*The task*:
Reproduce the records below in full and without edits, omitting images.

*Entries provided*:
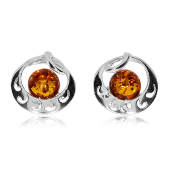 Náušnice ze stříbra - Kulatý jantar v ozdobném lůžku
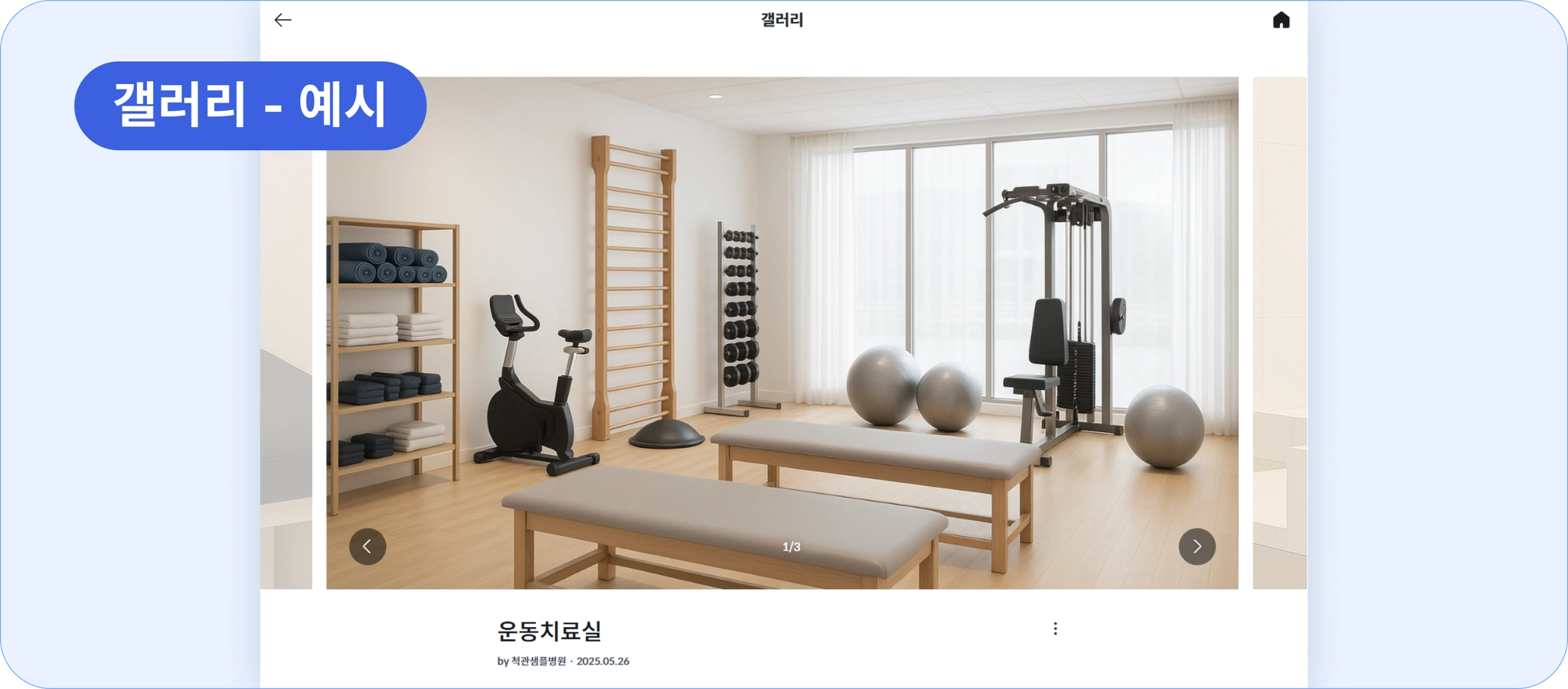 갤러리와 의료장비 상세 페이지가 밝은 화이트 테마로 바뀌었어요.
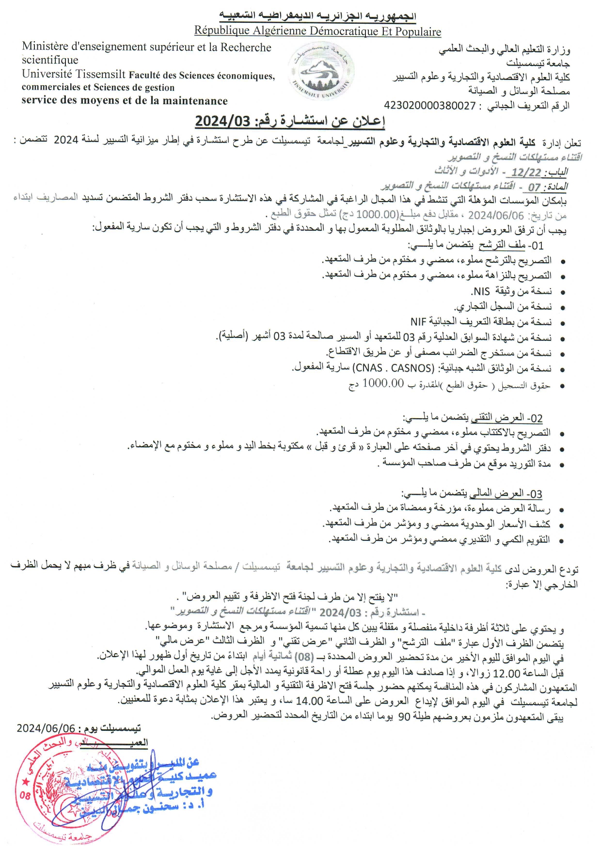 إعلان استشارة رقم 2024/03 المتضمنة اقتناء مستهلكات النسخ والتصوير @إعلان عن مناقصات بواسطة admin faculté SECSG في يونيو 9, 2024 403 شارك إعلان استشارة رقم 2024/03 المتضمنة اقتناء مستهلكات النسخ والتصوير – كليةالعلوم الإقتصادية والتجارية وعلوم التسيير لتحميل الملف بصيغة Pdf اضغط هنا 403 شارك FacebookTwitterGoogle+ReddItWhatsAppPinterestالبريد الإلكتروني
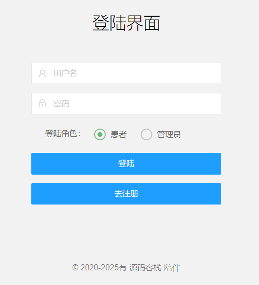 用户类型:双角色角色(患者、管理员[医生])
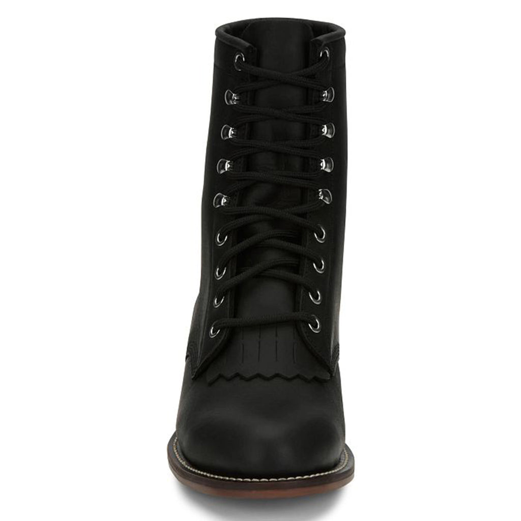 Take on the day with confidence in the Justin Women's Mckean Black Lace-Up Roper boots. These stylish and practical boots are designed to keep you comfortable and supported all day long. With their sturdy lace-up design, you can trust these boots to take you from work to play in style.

*The completed task*:
 Náušnice ze stříbra - Kulatý jantar v ozdobném lůžku
 갤러리와 의료장비 상세 페이지가 밝은 화이트 테마로 바뀌었어요.
 إعلان استشارة رقم 2024/03 المتضمنة اقتناء مستهلكات النسخ والتصوير @إعلان عن مناقصات بواسطة admin faculté SECSG في يونيو 9, 2024 403 شارك إعلان استشارة رقم 2024/03 المتضمنة اقتناء مستهلكات النسخ والتصوير – كليةالعلوم الإقتصادية والتجارية وعلوم التسيير لتحميل الملف بصيغة Pdf اضغط هنا 403 شارك FacebookTwitterGoogle+ReddItWhatsAppPinterestالبريد الإلكتروني
 用户类型:双角色角色(患者、管理员[医生])
 Take on the day with confidence in the Justin Women's Mckean Black Lace-Up Roper boots. These stylish and practical boots are designed to keep you comfortable and supported all day long. With their sturdy lace-up design, you can trust these boots to take you from work to play in style.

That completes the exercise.